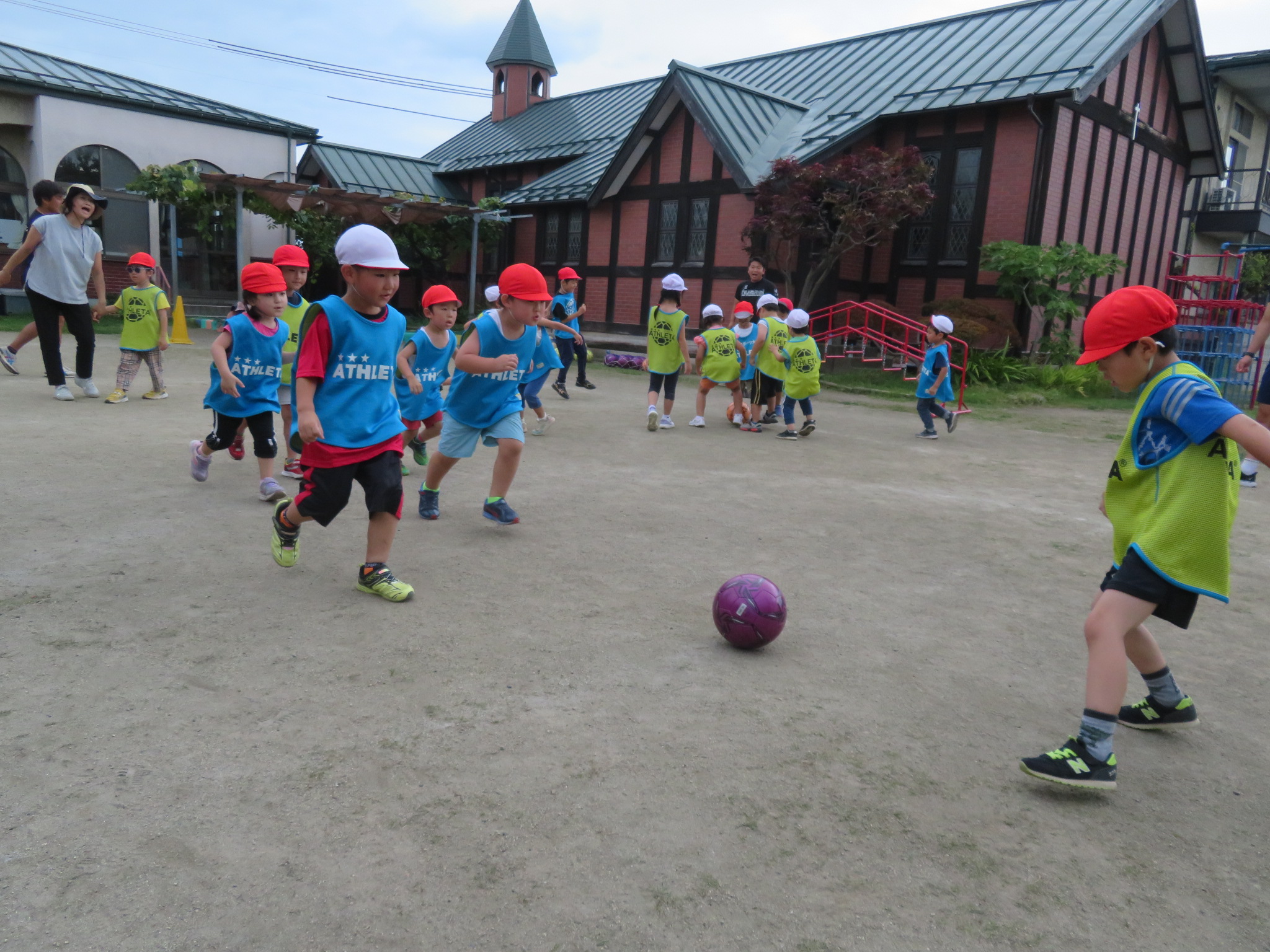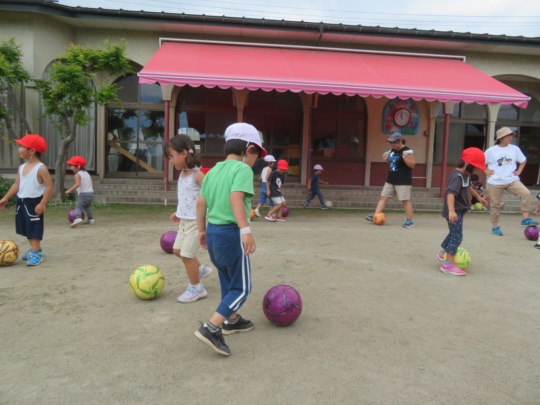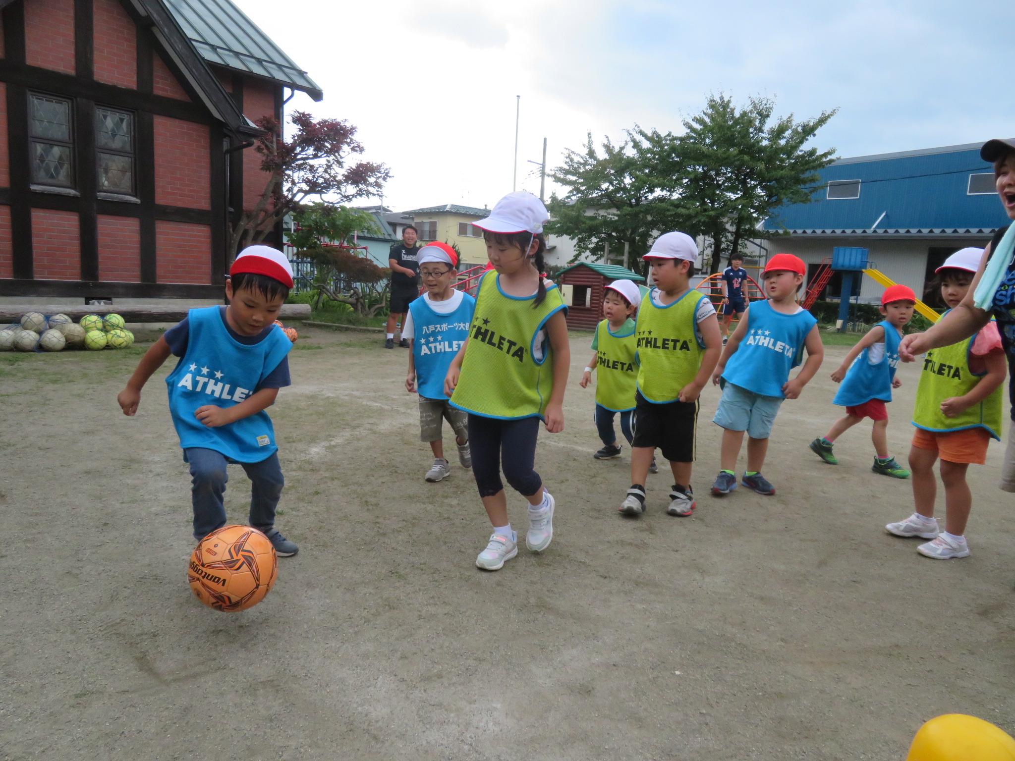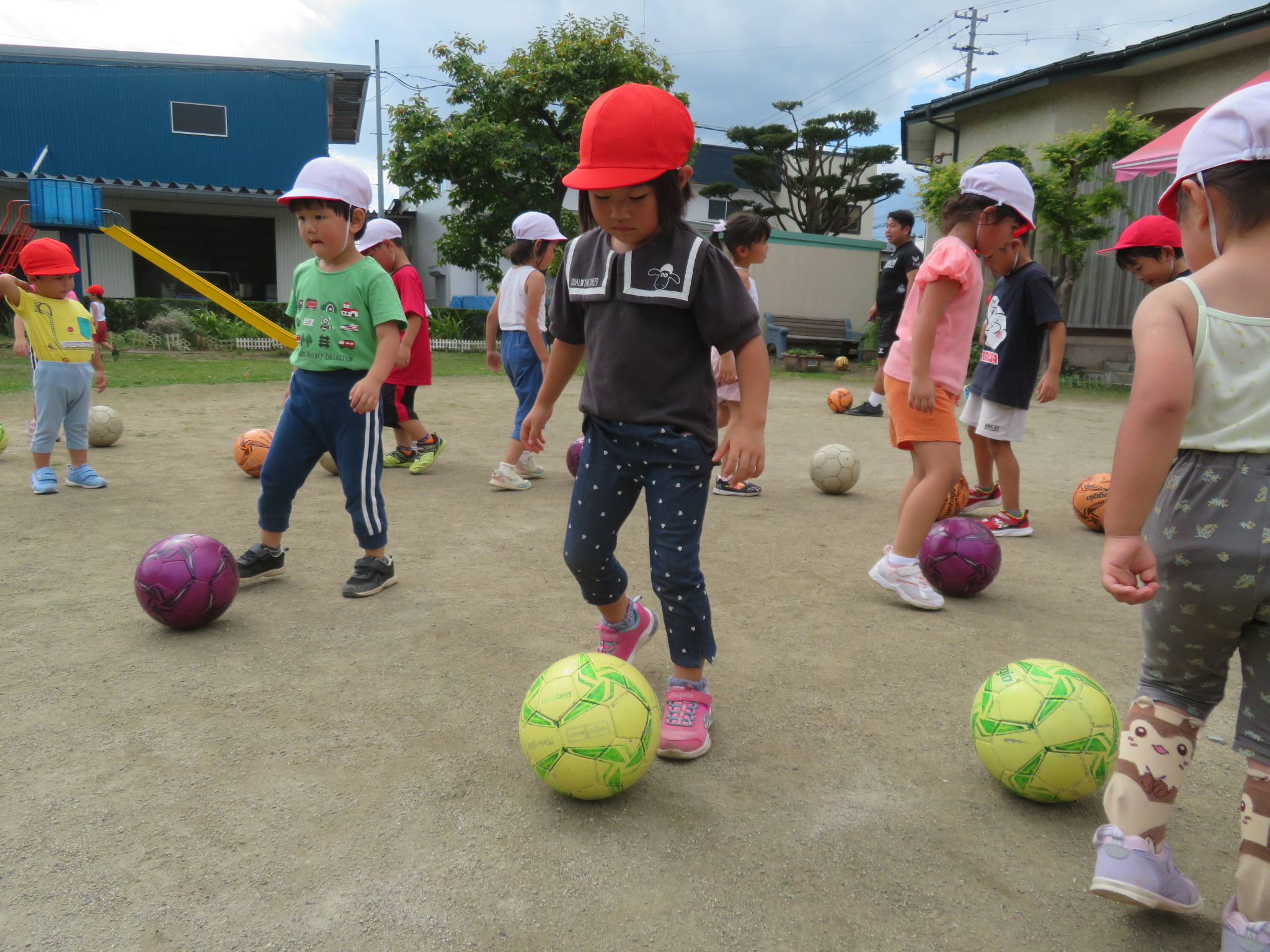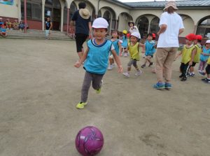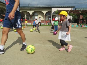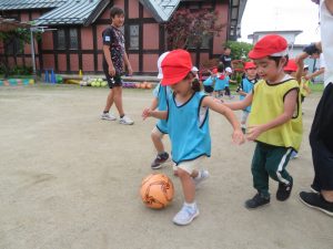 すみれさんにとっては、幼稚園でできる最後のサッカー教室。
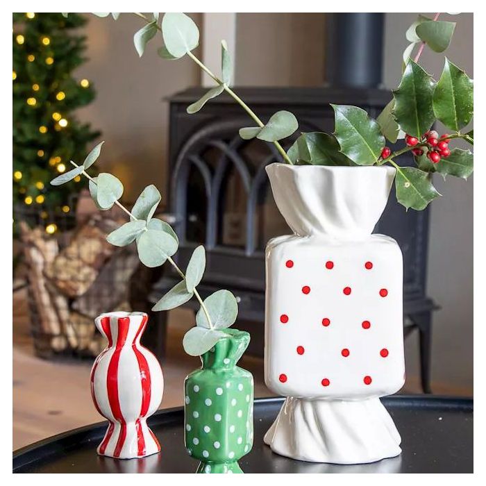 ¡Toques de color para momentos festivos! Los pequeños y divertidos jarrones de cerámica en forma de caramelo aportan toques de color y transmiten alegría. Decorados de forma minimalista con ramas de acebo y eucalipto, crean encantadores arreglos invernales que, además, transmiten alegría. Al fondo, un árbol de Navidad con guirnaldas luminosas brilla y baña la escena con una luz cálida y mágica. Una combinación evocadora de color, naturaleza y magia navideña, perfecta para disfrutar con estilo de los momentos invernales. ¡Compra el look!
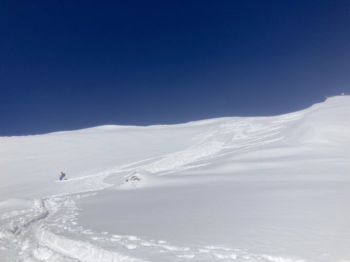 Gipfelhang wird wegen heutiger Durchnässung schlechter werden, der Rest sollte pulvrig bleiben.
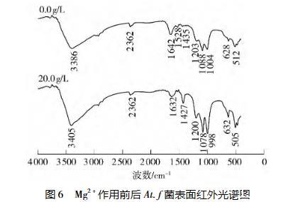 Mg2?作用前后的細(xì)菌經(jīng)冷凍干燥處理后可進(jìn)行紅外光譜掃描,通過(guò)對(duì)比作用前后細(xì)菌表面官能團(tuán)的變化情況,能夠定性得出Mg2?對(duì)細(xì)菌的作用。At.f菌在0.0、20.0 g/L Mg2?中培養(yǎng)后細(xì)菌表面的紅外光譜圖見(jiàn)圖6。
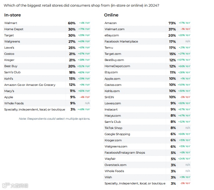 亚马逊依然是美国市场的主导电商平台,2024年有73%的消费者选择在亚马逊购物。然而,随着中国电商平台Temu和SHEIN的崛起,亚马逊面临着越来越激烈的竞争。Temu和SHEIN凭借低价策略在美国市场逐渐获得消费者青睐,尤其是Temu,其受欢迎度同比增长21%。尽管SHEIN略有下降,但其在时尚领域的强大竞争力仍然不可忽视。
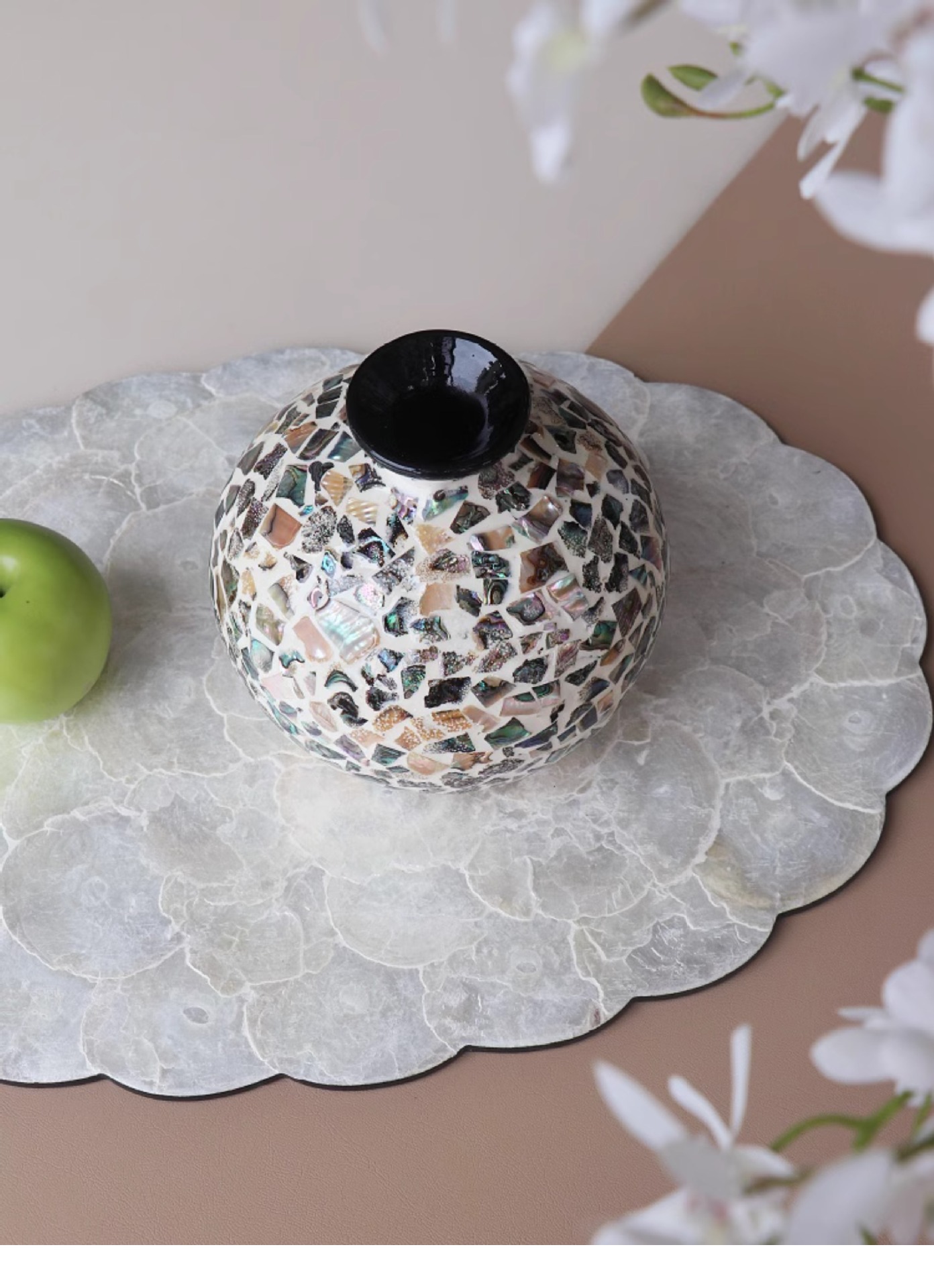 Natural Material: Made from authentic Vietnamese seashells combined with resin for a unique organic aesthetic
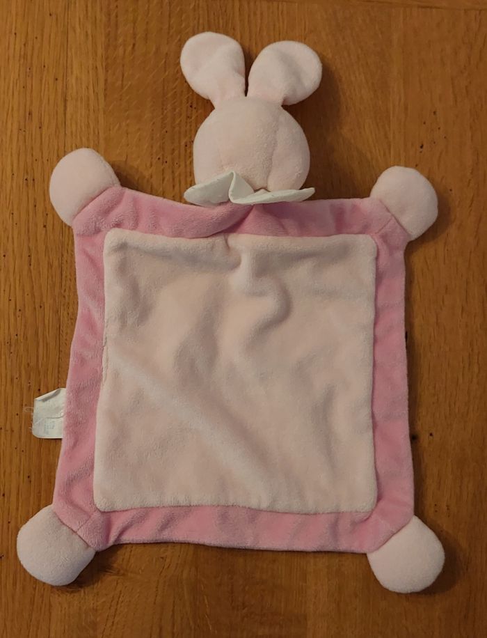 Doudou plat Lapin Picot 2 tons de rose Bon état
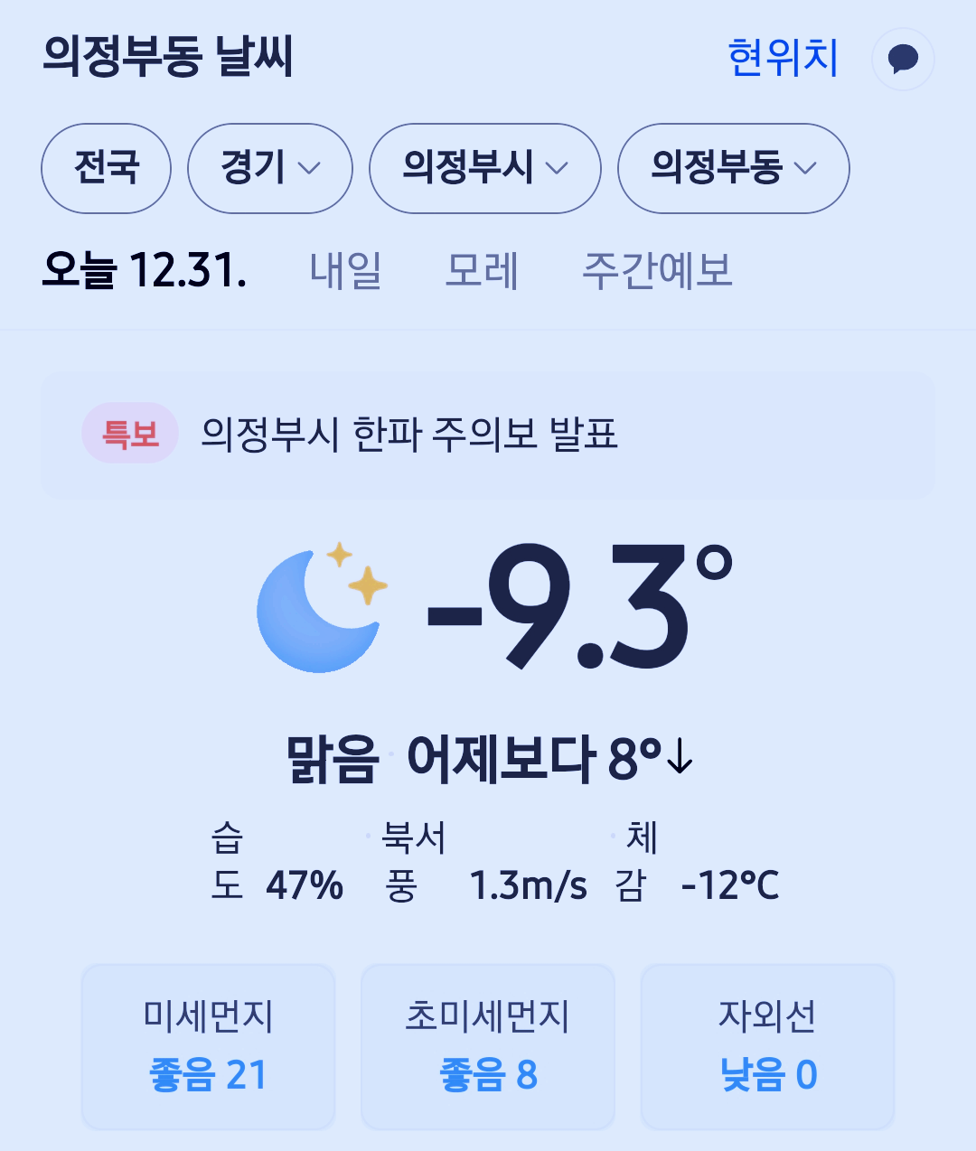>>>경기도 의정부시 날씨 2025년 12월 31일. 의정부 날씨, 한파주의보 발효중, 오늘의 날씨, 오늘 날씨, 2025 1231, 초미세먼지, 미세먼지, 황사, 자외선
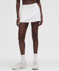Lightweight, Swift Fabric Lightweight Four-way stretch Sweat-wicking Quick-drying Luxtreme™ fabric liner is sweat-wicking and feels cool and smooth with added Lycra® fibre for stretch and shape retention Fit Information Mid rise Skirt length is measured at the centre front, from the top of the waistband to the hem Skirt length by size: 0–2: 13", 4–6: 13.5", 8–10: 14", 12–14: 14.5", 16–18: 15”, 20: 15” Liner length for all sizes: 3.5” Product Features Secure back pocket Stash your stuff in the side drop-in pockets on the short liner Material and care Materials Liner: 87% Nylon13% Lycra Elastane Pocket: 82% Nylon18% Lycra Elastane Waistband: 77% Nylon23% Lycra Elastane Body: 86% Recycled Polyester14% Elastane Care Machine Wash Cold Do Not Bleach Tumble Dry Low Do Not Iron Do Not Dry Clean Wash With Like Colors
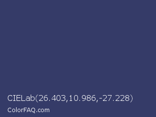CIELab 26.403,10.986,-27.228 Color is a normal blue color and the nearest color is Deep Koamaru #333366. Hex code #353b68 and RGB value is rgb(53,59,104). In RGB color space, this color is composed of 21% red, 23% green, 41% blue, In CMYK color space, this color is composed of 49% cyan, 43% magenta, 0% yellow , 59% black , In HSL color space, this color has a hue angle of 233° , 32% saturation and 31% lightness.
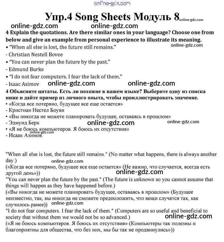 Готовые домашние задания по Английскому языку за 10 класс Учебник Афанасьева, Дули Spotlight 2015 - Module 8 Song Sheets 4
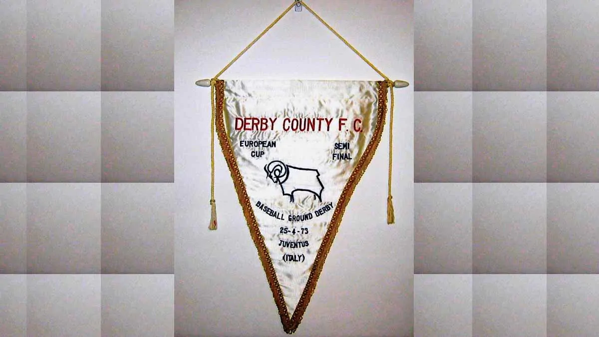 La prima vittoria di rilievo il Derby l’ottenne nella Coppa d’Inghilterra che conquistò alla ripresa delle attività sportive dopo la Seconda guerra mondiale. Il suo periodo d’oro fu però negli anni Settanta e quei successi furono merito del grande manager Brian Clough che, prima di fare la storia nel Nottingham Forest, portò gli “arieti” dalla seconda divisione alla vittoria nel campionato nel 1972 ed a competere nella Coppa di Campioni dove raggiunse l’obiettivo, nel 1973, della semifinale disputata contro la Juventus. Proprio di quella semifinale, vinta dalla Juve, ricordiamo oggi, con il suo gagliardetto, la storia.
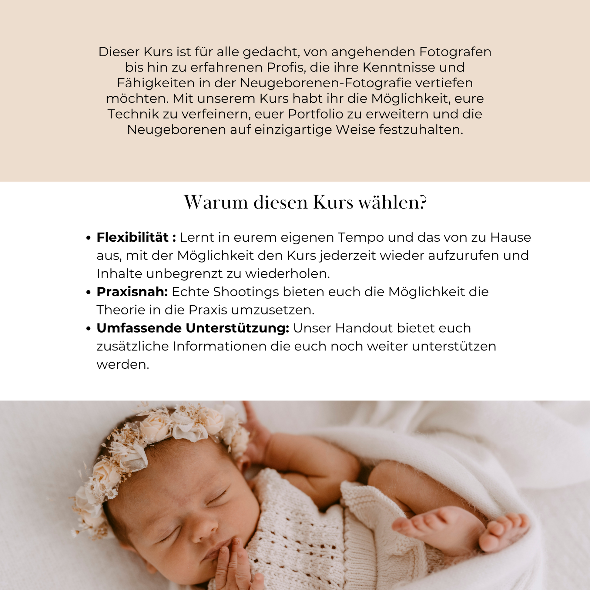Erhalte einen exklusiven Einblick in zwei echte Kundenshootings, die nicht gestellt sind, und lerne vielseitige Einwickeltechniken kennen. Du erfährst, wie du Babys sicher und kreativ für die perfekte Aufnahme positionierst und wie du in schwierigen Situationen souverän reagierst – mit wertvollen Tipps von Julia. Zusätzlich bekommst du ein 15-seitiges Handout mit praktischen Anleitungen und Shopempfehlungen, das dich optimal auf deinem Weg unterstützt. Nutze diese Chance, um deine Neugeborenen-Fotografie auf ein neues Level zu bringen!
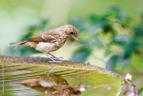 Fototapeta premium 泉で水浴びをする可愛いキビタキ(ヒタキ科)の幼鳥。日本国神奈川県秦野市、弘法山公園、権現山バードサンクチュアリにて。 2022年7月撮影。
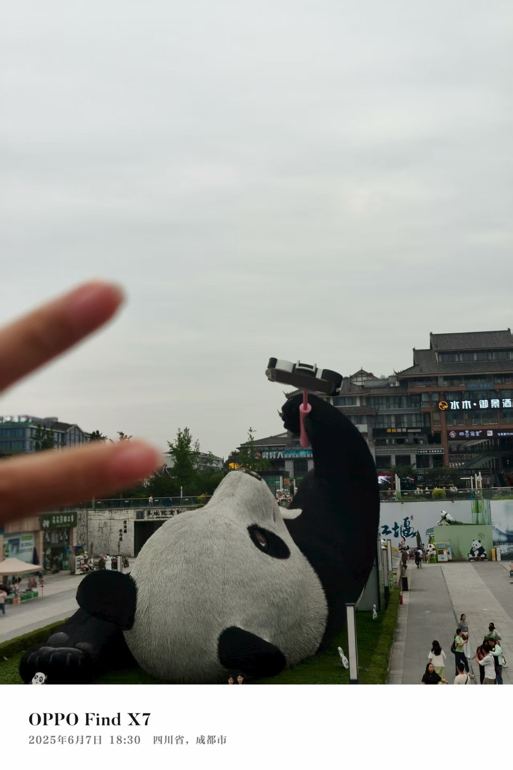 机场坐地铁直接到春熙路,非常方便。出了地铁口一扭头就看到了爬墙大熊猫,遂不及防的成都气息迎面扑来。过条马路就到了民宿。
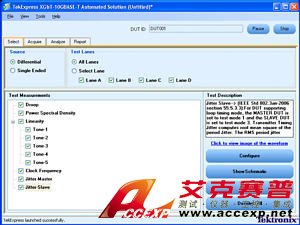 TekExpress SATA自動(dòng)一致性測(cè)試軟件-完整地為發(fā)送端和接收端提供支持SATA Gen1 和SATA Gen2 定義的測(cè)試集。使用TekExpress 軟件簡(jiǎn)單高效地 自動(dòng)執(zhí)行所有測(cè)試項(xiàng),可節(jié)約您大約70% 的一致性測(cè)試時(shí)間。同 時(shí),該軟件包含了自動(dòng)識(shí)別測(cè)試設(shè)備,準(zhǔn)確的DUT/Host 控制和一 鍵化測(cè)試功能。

──────

• **Task to carry out**
Retype the entries above exactly, starting at their first line and ending with the line that holds "Gipfelhang wird wegen"; pictures stay out.

• **Completed exercise**
 すみれさんにとっては、幼稚園でできる最後のサッカー教室。
 ¡Toques de color para momentos festivos! Los pequeños y divertidos jarrones de cerámica en forma de caramelo aportan toques de color y transmiten alegría. Decorados de forma minimalista con ramas de acebo y eucalipto, crean encantadores arreglos invernales que, además, transmiten alegría. Al fondo, un árbol de Navidad con guirnaldas luminosas brilla y baña la escena con una luz cálida y mágica. Una combinación evocadora de color, naturaleza y magia navideña, perfecta para disfrutar con estilo de los momentos invernales. ¡Compra el look!
 Gipfelhang wird wegen heutiger Durchnässung schlechter werden, der Rest sollte pulvrig bleiben.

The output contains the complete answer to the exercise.